DATA PROVIDED:
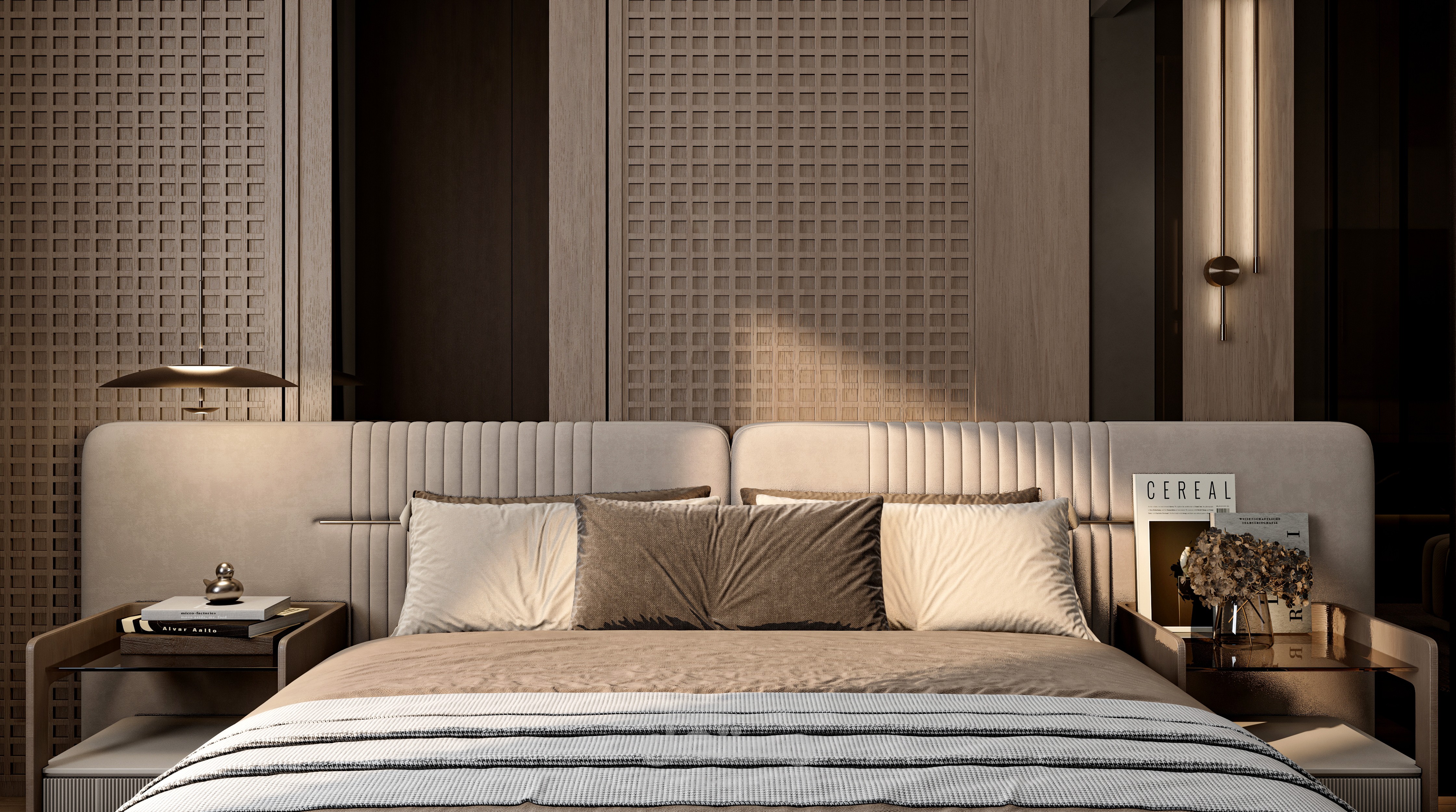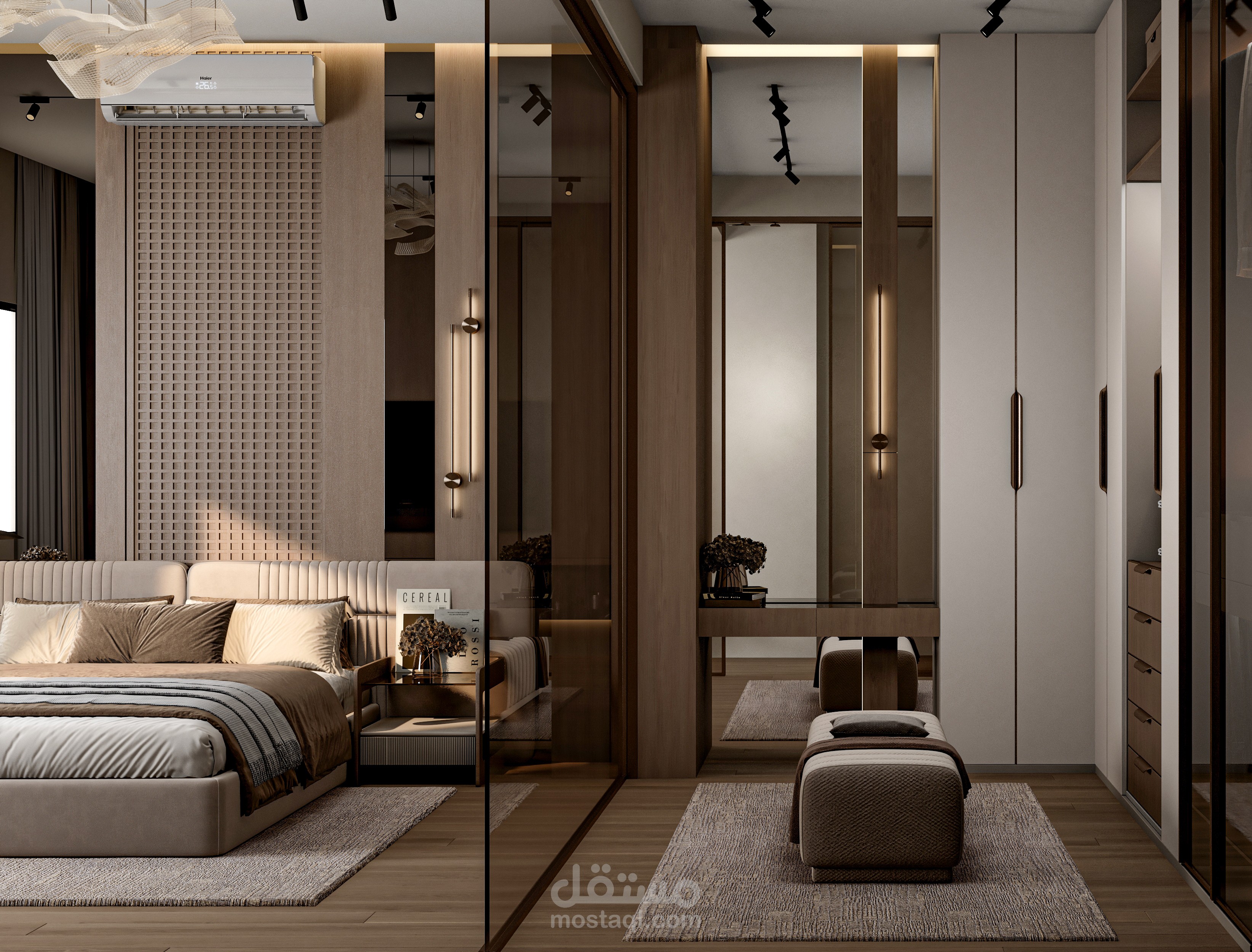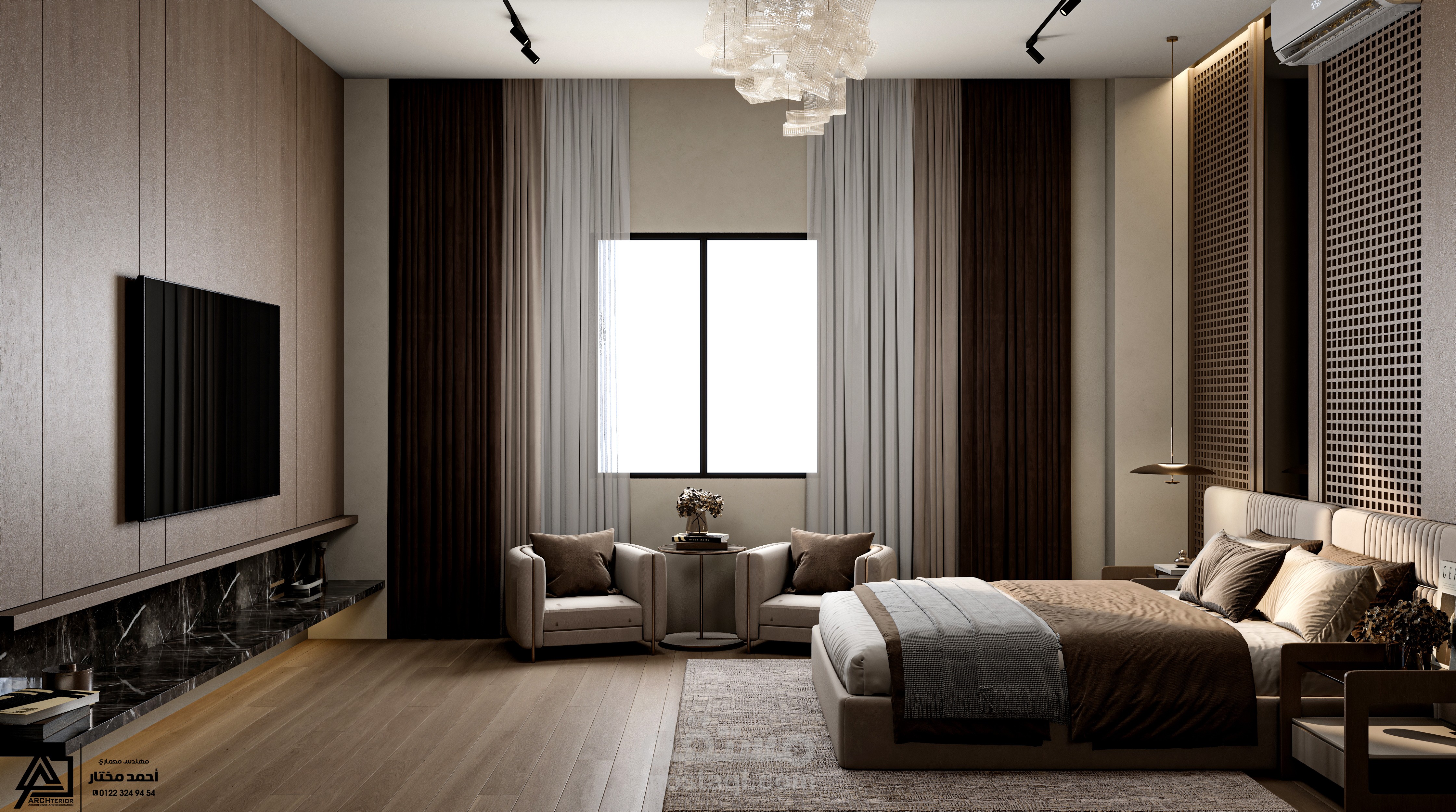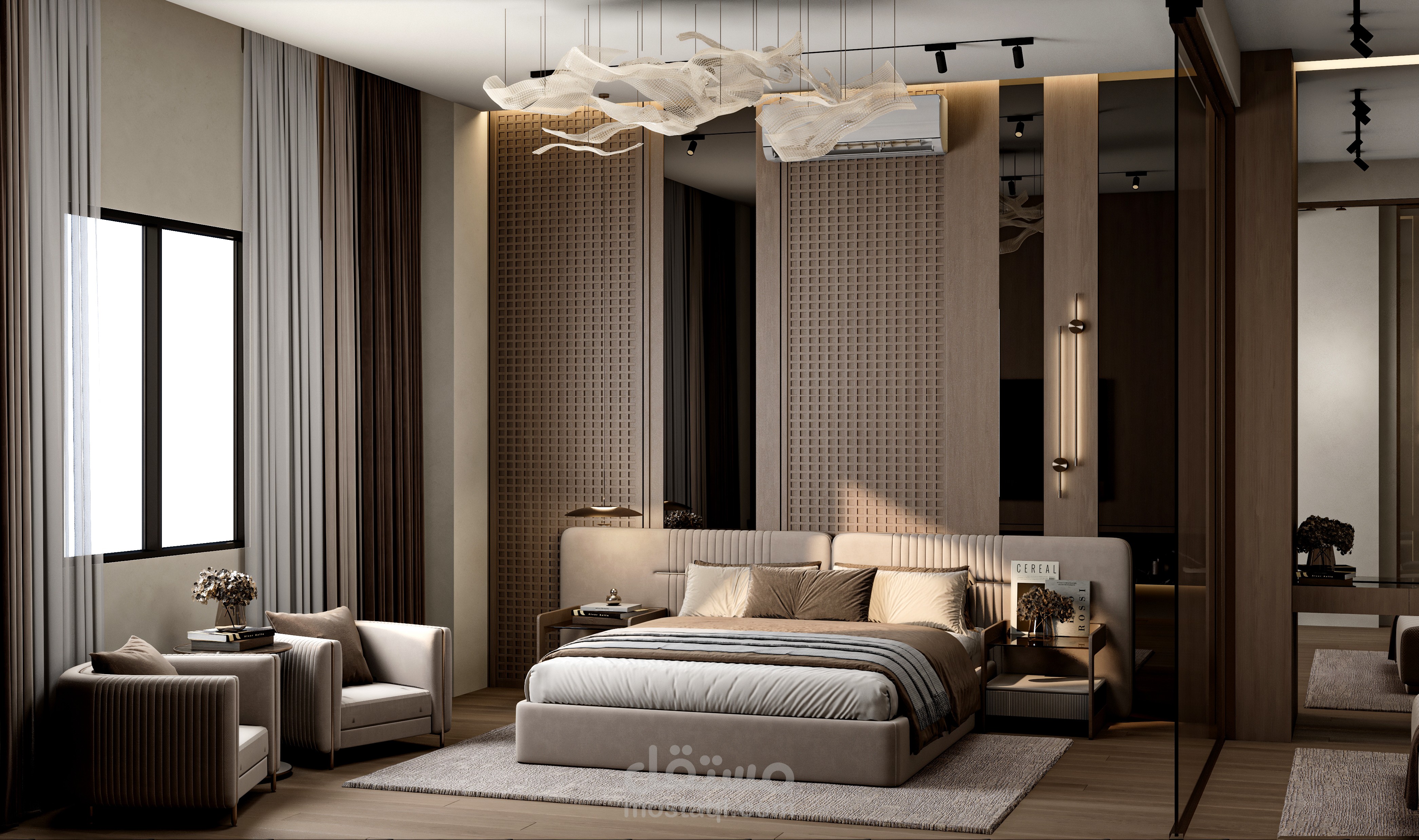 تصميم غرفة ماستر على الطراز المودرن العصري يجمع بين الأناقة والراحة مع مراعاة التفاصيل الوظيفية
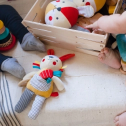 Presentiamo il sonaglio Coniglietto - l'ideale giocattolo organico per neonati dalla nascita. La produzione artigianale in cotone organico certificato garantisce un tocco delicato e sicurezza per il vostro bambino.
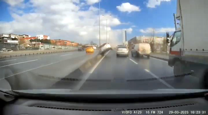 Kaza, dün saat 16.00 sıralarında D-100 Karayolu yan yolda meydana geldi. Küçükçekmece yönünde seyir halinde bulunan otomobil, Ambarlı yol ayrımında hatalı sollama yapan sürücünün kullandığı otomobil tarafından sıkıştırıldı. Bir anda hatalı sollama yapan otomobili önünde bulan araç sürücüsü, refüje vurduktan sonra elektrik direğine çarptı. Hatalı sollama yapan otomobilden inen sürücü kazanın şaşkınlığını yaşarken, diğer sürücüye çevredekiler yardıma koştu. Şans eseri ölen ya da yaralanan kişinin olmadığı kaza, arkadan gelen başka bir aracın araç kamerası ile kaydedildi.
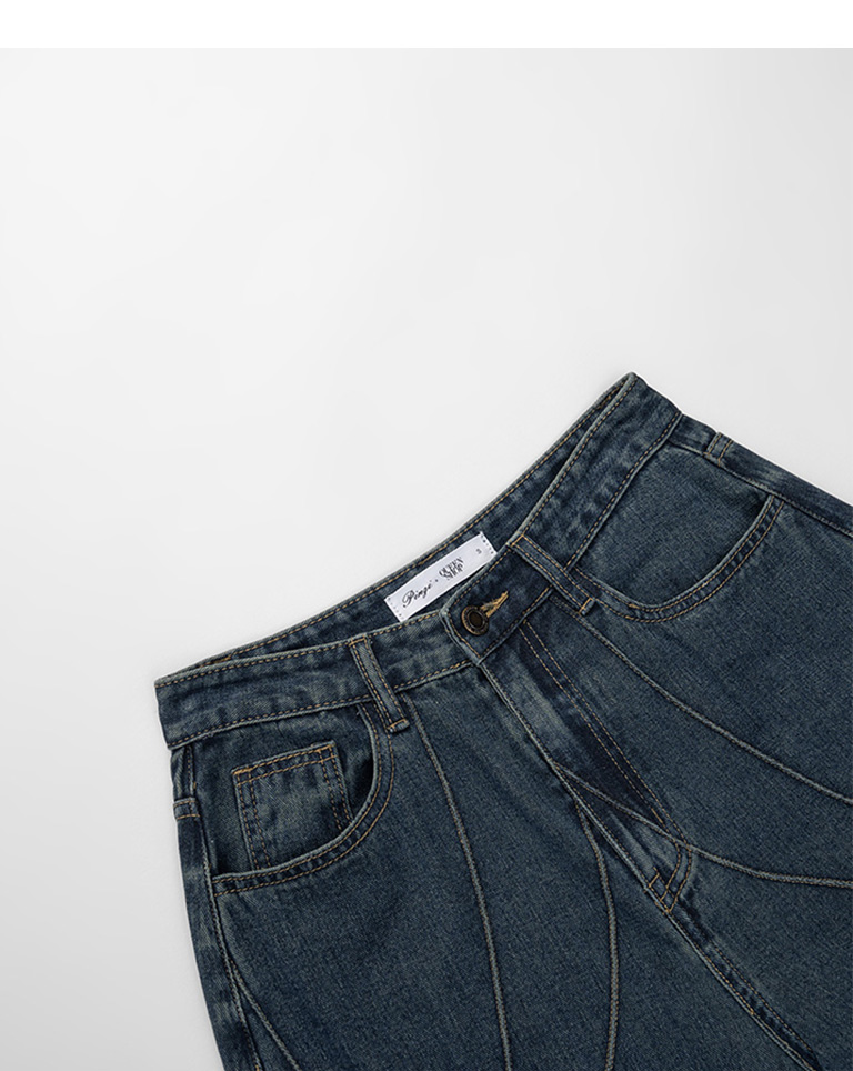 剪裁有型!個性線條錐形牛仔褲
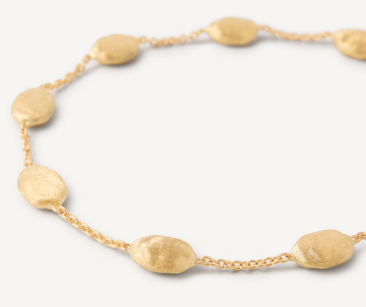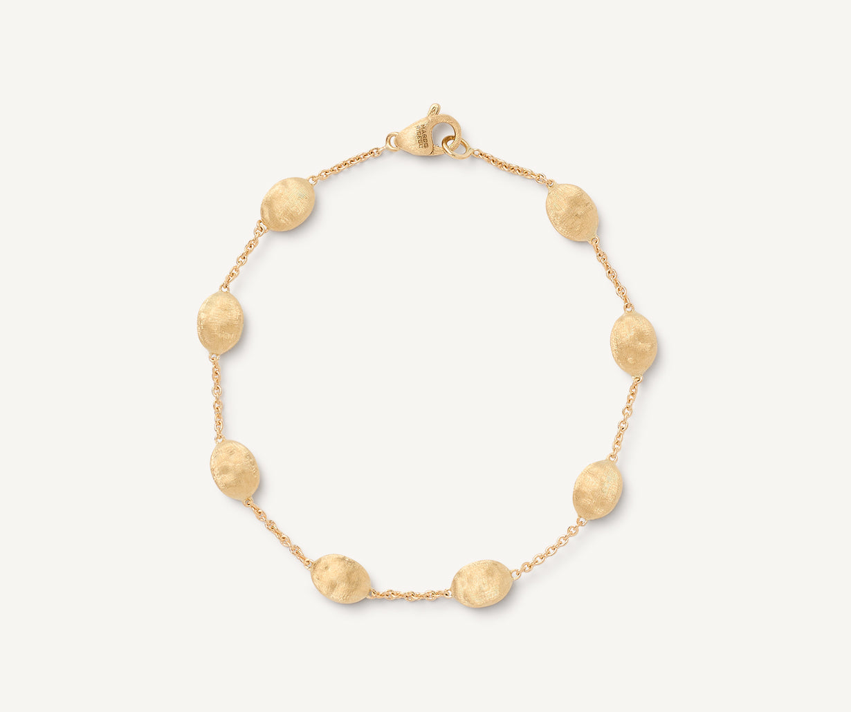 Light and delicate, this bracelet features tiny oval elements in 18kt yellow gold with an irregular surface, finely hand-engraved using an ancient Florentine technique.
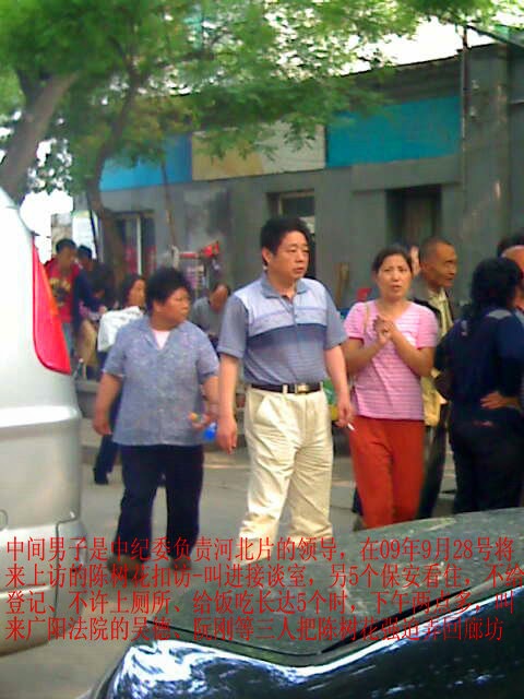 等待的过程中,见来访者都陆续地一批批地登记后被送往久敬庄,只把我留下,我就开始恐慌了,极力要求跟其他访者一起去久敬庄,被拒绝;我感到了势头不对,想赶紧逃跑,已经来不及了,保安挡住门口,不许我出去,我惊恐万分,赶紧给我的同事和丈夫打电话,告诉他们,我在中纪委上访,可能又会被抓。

YOUR GOAL:
Give the entries again exactly, but skip every image.

RESPONSE AREA:
 تصميم غرفة ماستر على الطراز المودرن العصري يجمع بين الأناقة والراحة مع مراعاة التفاصيل الوظيفية
 Presentiamo il sonaglio Coniglietto - l'ideale giocattolo organico per neonati dalla nascita. La produzione artigianale in cotone organico certificato garantisce un tocco delicato e sicurezza per il vostro bambino.
 Kaza, dün saat 16.00 sıralarında D-100 Karayolu yan yolda meydana geldi. Küçükçekmece yönünde seyir halinde bulunan otomobil, Ambarlı yol ayrımında hatalı sollama yapan sürücünün kullandığı otomobil tarafından sıkıştırıldı. Bir anda hatalı sollama yapan otomobili önünde bulan araç sürücüsü, refüje vurduktan sonra elektrik direğine çarptı. Hatalı sollama yapan otomobilden inen sürücü kazanın şaşkınlığını yaşarken, diğer sürücüye çevredekiler yardıma koştu. Şans eseri ölen ya da yaralanan kişinin olmadığı kaza, arkadan gelen başka bir aracın araç kamerası ile kaydedildi.
 剪裁有型!個性線條錐形牛仔褲
 Light and delicate, this bracelet features tiny oval elements in 18kt yellow gold with an irregular surface, finely hand-engraved using an ancient Florentine technique.
 等待的过程中,见来访者都陆续地一批批地登记后被送往久敬庄,只把我留下,我就开始恐慌了,极力要求跟其他访者一起去久敬庄,被拒绝;我感到了势头不对,想赶紧逃跑,已经来不及了,保安挡住门口,不许我出去,我惊恐万分,赶紧给我的同事和丈夫打电话,告诉他们,我在中纪委上访,可能又会被抓。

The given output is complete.